Robert Gemert

Personal information
- Date of birth: 7 August 1951 (age 74)
- Place of birth: Paramaribo, Dutch Surinam
- Position(s): Striker

Senior career*
- Years: Team / Apps / (Gls)
- 1974: Toronto Macedonia
- 1976: Toronto Metros-Croatia (indoor)
- 1976: Toronto Metros-Croatia / 2 / (0)
- 1977: Toronto Italia
- 1979–1980: Buffalo Stallions (indoor) / 9 / (0)
- 1981: Hamilton Steelers
- 1989: Hamilton Steelers / 4 / (0)

= Robert Gemert =

Surinamese footballer

Robert Gemert (born August 7, 1951) is a Surinamese former footballer who played as a forward.

== Career ==
Gemert would play abroad in the summer of 1974 in Canada's National Soccer League with Toronto Macedonia.

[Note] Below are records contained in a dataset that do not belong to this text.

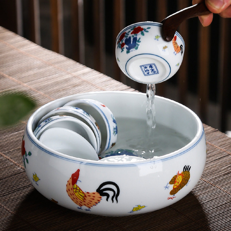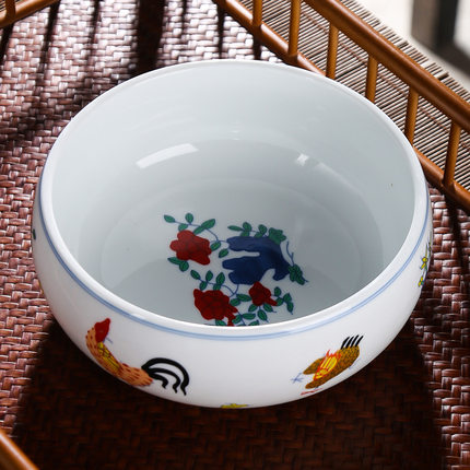 成化斗彩鸡缸杯茶洗陶瓷茶具配件大号家用笔洗洗茶碗茶道零配水缸
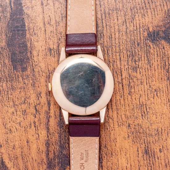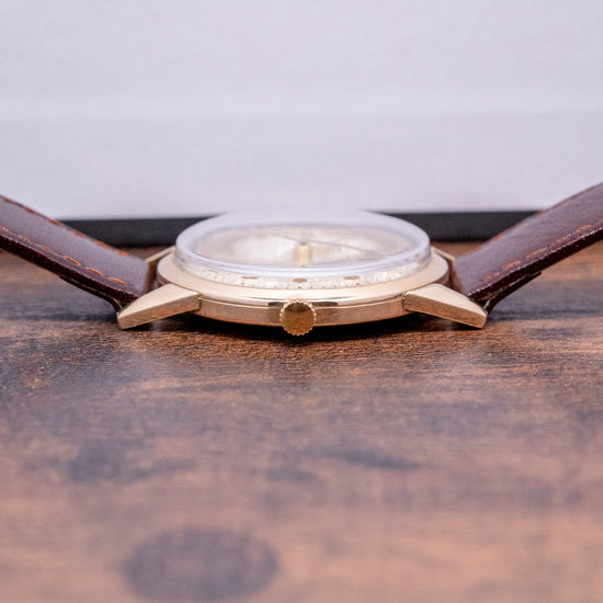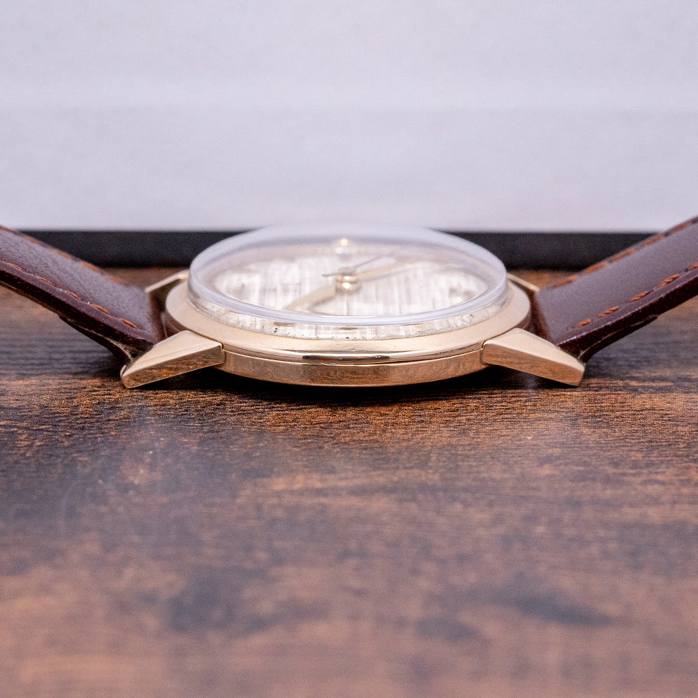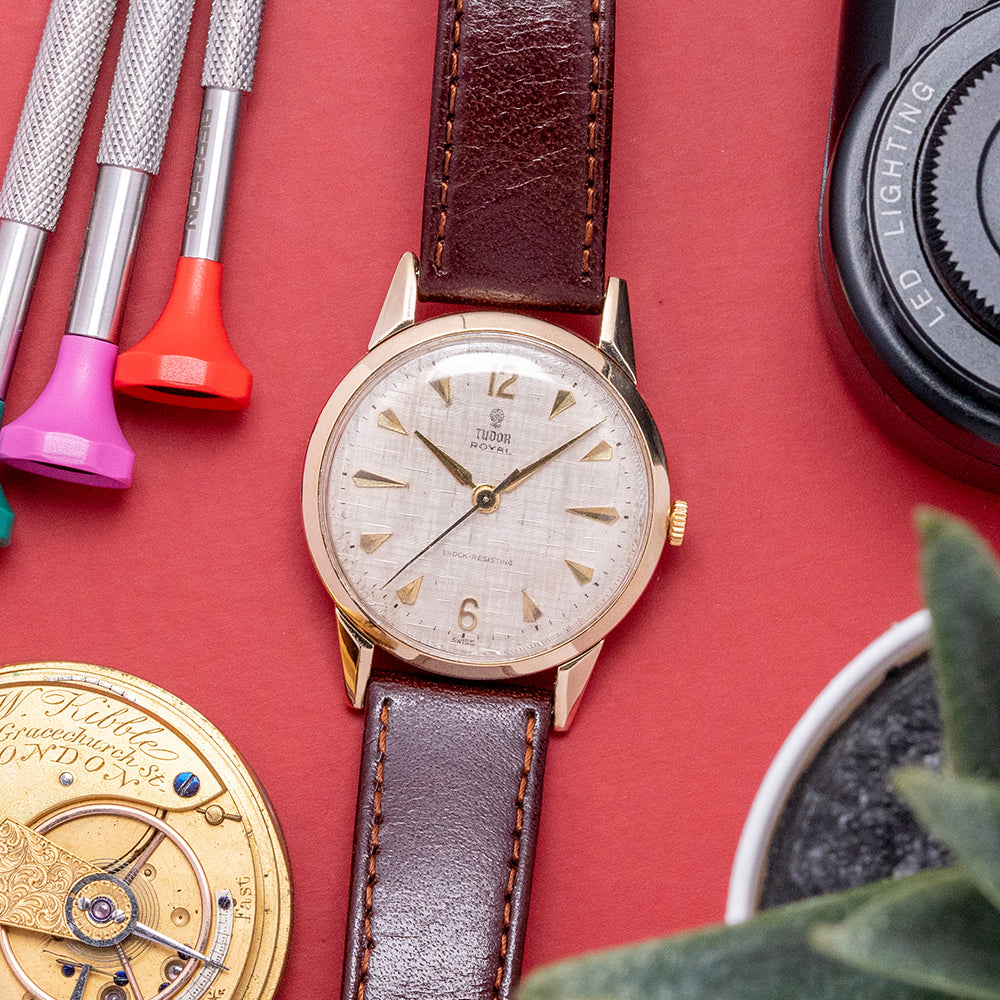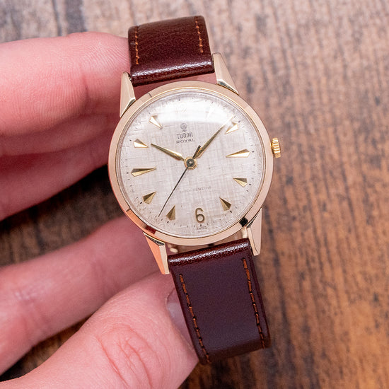 Here, we have a rare 1962 Tudor Royal 9ct Gold Linen Dial Mechanical, with a curvaceous 32mm round 9ct yellow gold Oyster case with tapered lugs, and a lug-to-lug length of 40mm and a thickness of 9mm ensures a comfortable fit on your wrist. On the right side, a signed crown. The slim polished bezel holds a domed crystal above a stunning and rare linen dial. An outer minute track with gilt facet dart hour markers and gilt applied Arabic numerals at 12 and 6 shine as you move your wrist. Gilt lance hands are complemented by a fine tapered sweeping centre seconds hand. Text on the dial is precisely printed; at 12 o’clock, we have the Tudor Rose motif “Royal” underneath and at 6 o’clock “Shock-resisting”. On the reverse, a screw-down case back. Inside a manually wound Tudor, 17 jewels movement. It comes paired with a well-suited 16mm leather strap.
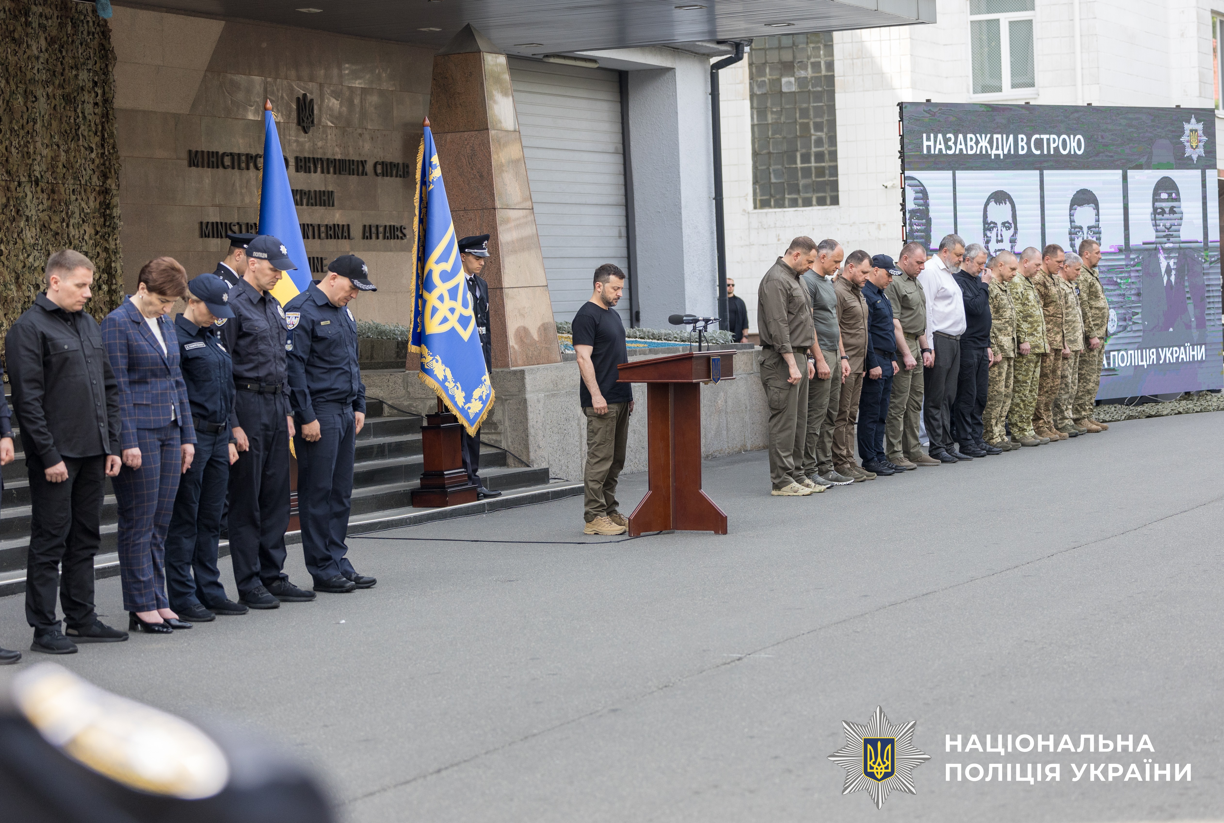 Президент Володимир Зеленський подякував правоохоронцям за їхню сумлінну службу. Він наголосив, що попри війну, Національній поліції вдається втримувати безпекову ситуацію всередині країни та мужньо нести службу разом з іншими підрозділами Сил безпеки й оборони України.
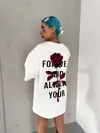 Lumiart Unisex Bisiklet Yaka Baskılı Oversize T-Shirt - Beyaz
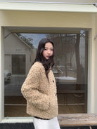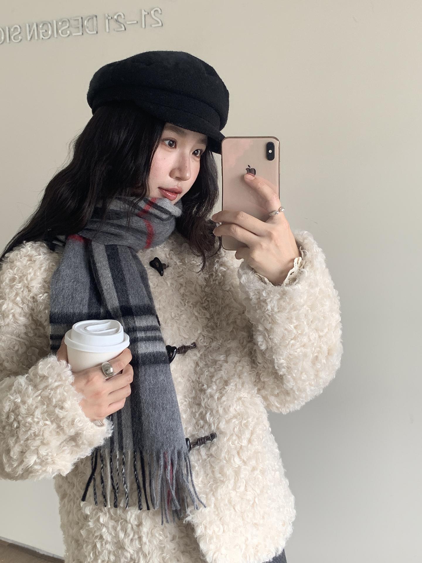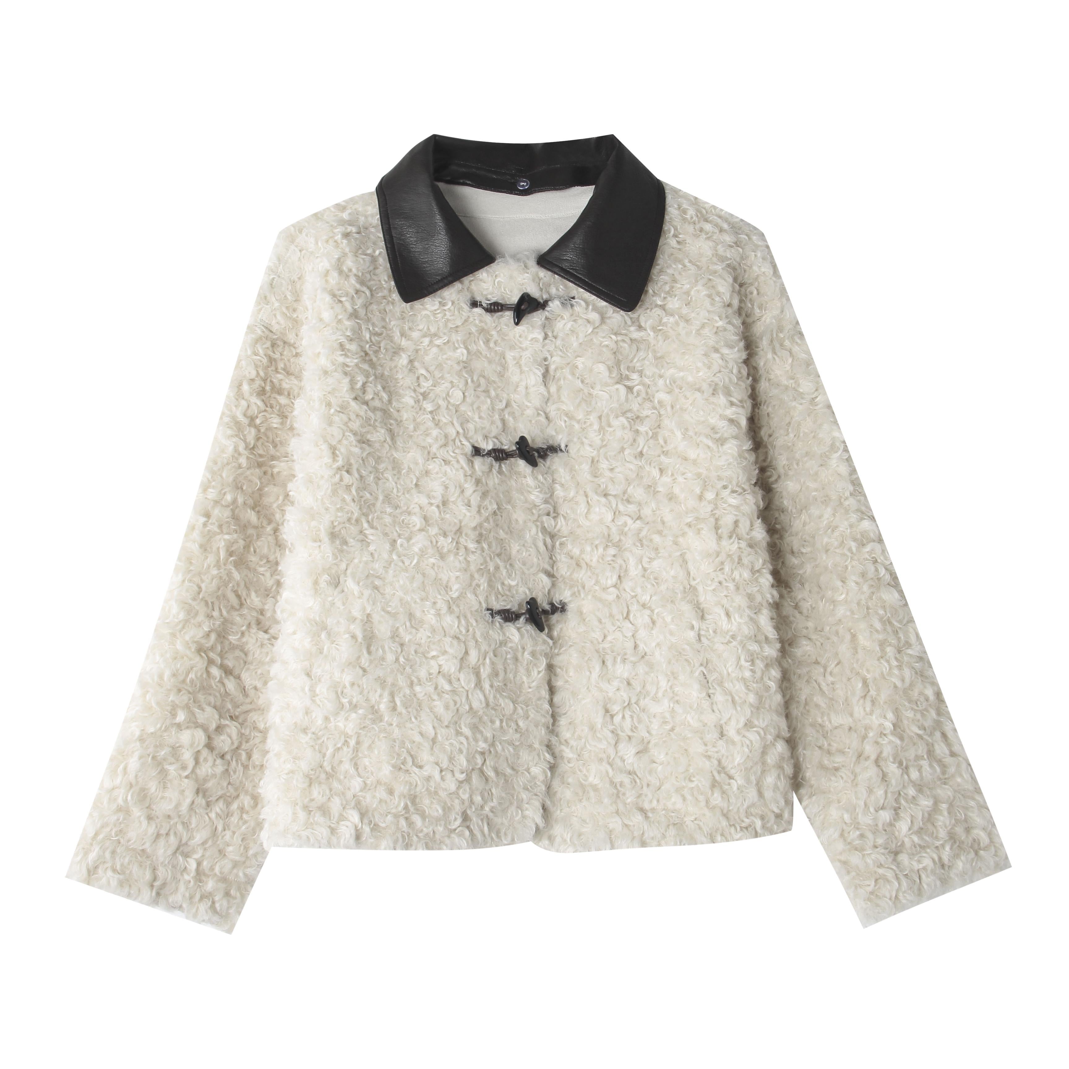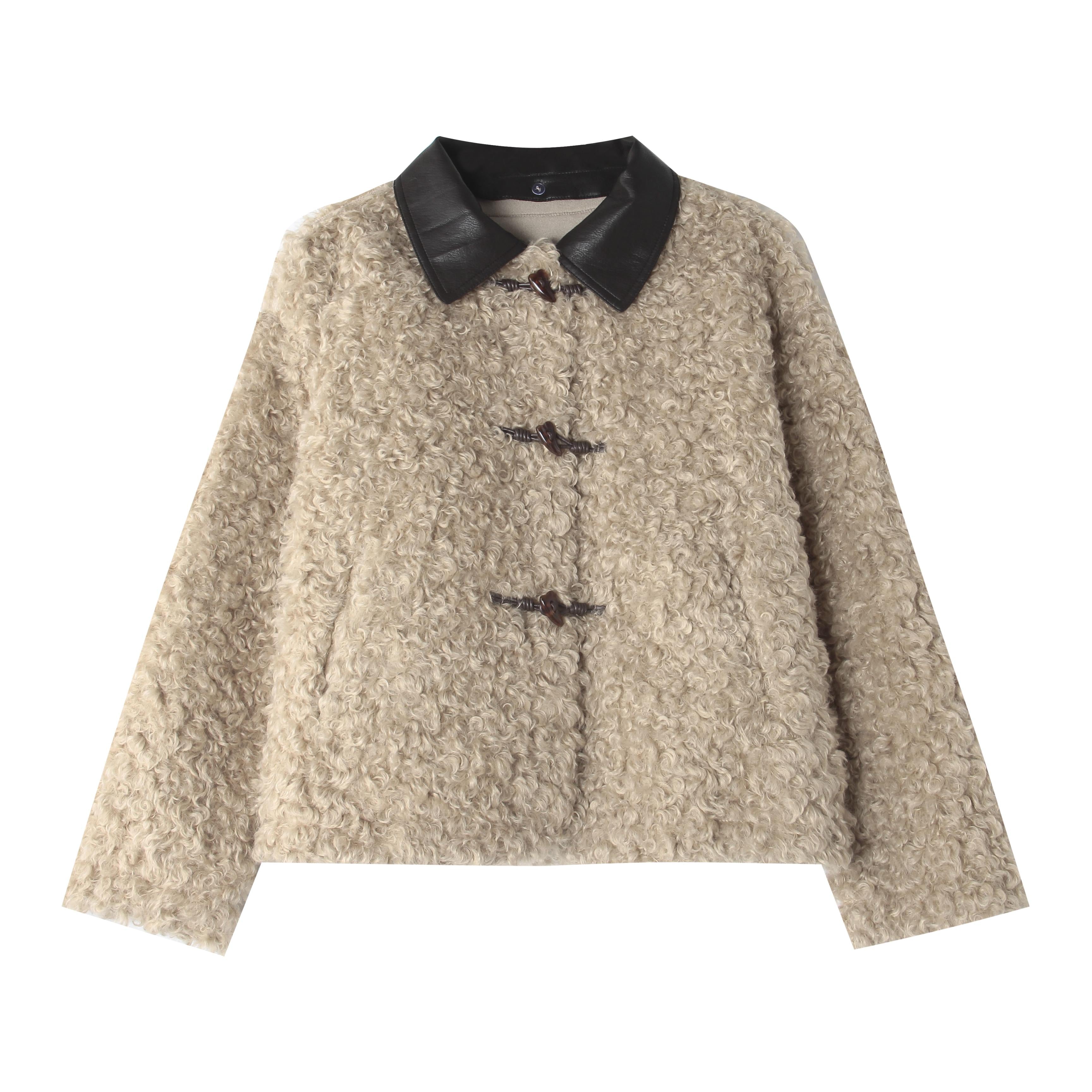 【C7961】冬上新!法式復古可拆皮領仿羊羔羊毛外套(可拆卸皮領)

He played in the North American Soccer League in 1976 with Toronto Metros-Croatia. He also played with the team during the indoor season. In 1977, he played in the National Soccer League with Toronto Italia. In 1978, he returned to the North American Soccer League to sign with Rochester Lancers. On April 19, 1978, the Lancers released him from his contract. For the remainder of the 1978 season, he returned to the NSL to play with the Buffalo Blazers.

In the winter of 1979, he played in the Major Indoor Soccer League with the Buffalo Stallions. In 1981, he returned to the National Soccer League to play with Hamilton Steelers. He had another stint with Hamilton in the Canadian Soccer League during the 1989 season.